Pinning previous kernel, the 5.15.60-2-pve, brought everything back to normal.

P.S. Additionally, this happened:

Code:

USAGE: qm stop <vmid> [OPTIONS]

  Stop virtual machine. The qemu process will exit immediately. Thisis akin
  to pulling the power plug of a running computer and may damage the VM
  data

(...)

  -skiplock  <boolean>

             Ignore locks - only root is allowed to use this option.

(...)

root@proxmox:~# qm stop 112 -skiplock
trying to acquire lock...
can't lock file '/var/lock/qemu-server/lock-112.conf' - got timeout
root@proxmox:~# qm stop 112 -skiplock true
trying to acquire lock...
can't lock file '/var/lock/qemu-server/lock-112.conf' - received interrupt
root@proxmox:~# qm stop 112 -skiplock 1
trying to acquire lock...
can't lock file '/var/lock/qemu-server/lock-112.conf' - got timeout

How is one supposed to use the skiplock option?

wrobelda · Nov 8, 2022

Anyone?

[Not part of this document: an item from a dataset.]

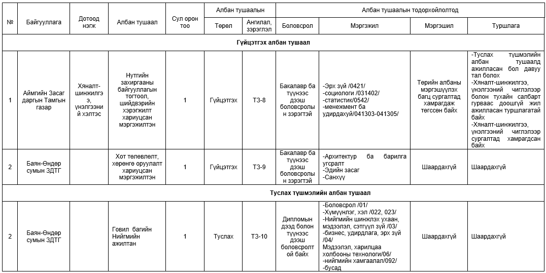 ТӨРИЙН ЖИНХЭНЭ АЛБАН ТУШААЛД ШИЛЖҮҮЛЭН АВАХ АЖЛЫН БАЙРНЫ ЖАГСААЛТ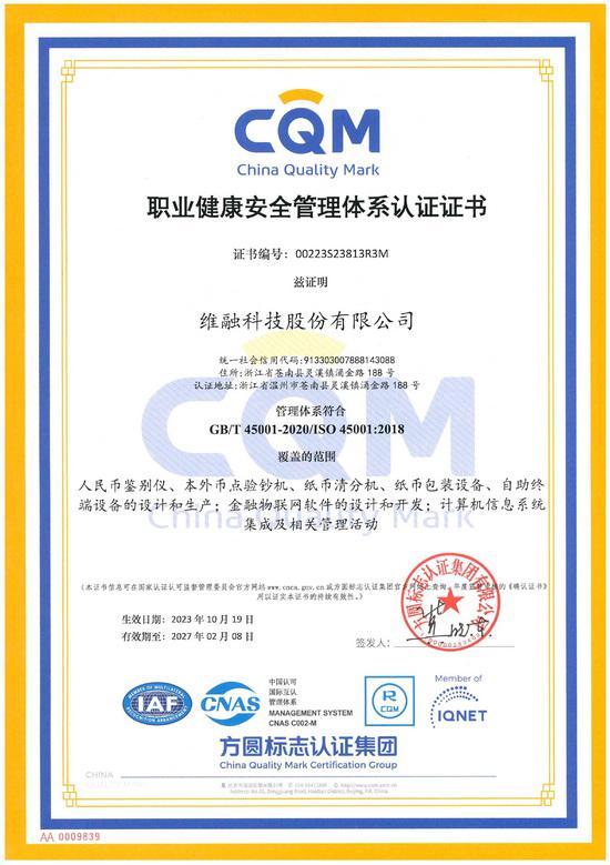 職業健康安全管理體系CQM認證證書

This is a serious issue, isn't it?

mira · Nov 10, 2022

Have you tried it again with kernel 5.15.64-1-pve to see if it is reproducible?

wrobelda · Nov 10, 2022

Yes, just did, same behavior.

mira · Nov 10, 2022

Do you have the latest BIOS installed?
Can you provide some more information about your system? CPU, Mainboard, any RAID controllers?
Which NICs are you using?

What's the output of pveversion -v?

If you boot into the latest Ubuntu 22.04 live CD, do you see similar issues?
The PVE kernel 5.15 is based on the one in Ubuntu 22.04 with a few patches on top, so if your host is also affected when using Ubuntu, this would indicate that some some change in the Ubuntu kernel is the culprit, which would help us narrow it down.

wrobelda · Nov 16, 2022

mira said:
Do you have the latest BIOS installed?

Yes

mira said:
Can you provide some more information about your system? CPU, Mainboard, any RAID controllers?

Lenovo p340 Tiny system
Intel(R) Core(TM) i5-10500T CPU @ 2.30GHz
No RAID, just 1 x NVMe disk

mira said:
Which NICs are you using?

1 x on-board Intel I219-LM
4 x Intel I350 (via I350-T4 PCIe)

mira said:
What's the output of pveversion -v?

Code:

root@proxmox:~# pveversion -v
proxmox-ve: 7.2-1 (running kernel: 5.15.60-2-pve)
pve-manager: 7.2-11 (running version: 7.2-11/b76d3178)
pve-kernel-5.15: 7.2-13
pve-kernel-helper: 7.2-13
pve-kernel-5.13: 7.1-9
pve-kernel-5.15.64-1-pve: 5.15.64-1
pve-kernel-5.15.60-2-pve: 5.15.60-2
pve-kernel-5.15.53-1-pve: 5.15.53-1
pve-kernel-5.15.39-4-pve: 5.15.39-4
pve-kernel-5.15.39-1-pve: 5.15.39-1
pve-kernel-5.13.19-6-pve: 5.13.19-15
pve-kernel-5.13.19-2-pve: 5.13.19-4
ceph-fuse: 15.2.15-pve1
corosync: 3.1.5-pve2
criu: 3.15-1+pve-1
glusterfs-client: 9.2-1
ifupdown2: 3.1.0-1+pmx3
ksm-control-daemon: 1.4-1
libjs-extjs: 7.0.0-1
libknet1: 1.24-pve1
libproxmox-acme-perl: 1.4.2
libproxmox-backup-qemu0: 1.3.1-1
libpve-access-control: 7.2-4
libpve-apiclient-perl: 3.2-1
libpve-common-perl: 7.2-3
libpve-guest-common-perl: 4.1-4
libpve-http-server-perl: 4.1-4
libpve-storage-perl: 7.2-10
libspice-server1: 0.14.3-2.1
lvm2: 2.03.11-2.1
lxc-pve: 5.0.0-3
lxcfs: 4.0.12-pve1
novnc-pve: 1.3.0-3
proxmox-backup-client: 2.2.7-1
proxmox-backup-file-restore: 2.2.7-1
proxmox-mini-journalreader: 1.3-1
proxmox-widget-toolkit: 3.5.1
pve-cluster: 7.2-2
pve-container: 4.2-3
pve-docs: 7.2-2
pve-edk2-firmware: 3.20220526-1
pve-firewall: 4.2-6
pve-firmware: 3.5-6
pve-ha-manager: 3.4.0
pve-i18n: 2.7-2
pve-qemu-kvm: 7.0.0-4
pve-xtermjs: 4.16.0-1
qemu-server: 7.2-4
smartmontools: 7.2-pve3
spiceterm: 3.2-2
swtpm: 0.7.1~bpo11+1
vncterm: 1.7-1
zfsutils-linux: 2.1.6-pve1

mira said:
If you boot into the latest Ubuntu 22.04 live CD, do you see similar issues?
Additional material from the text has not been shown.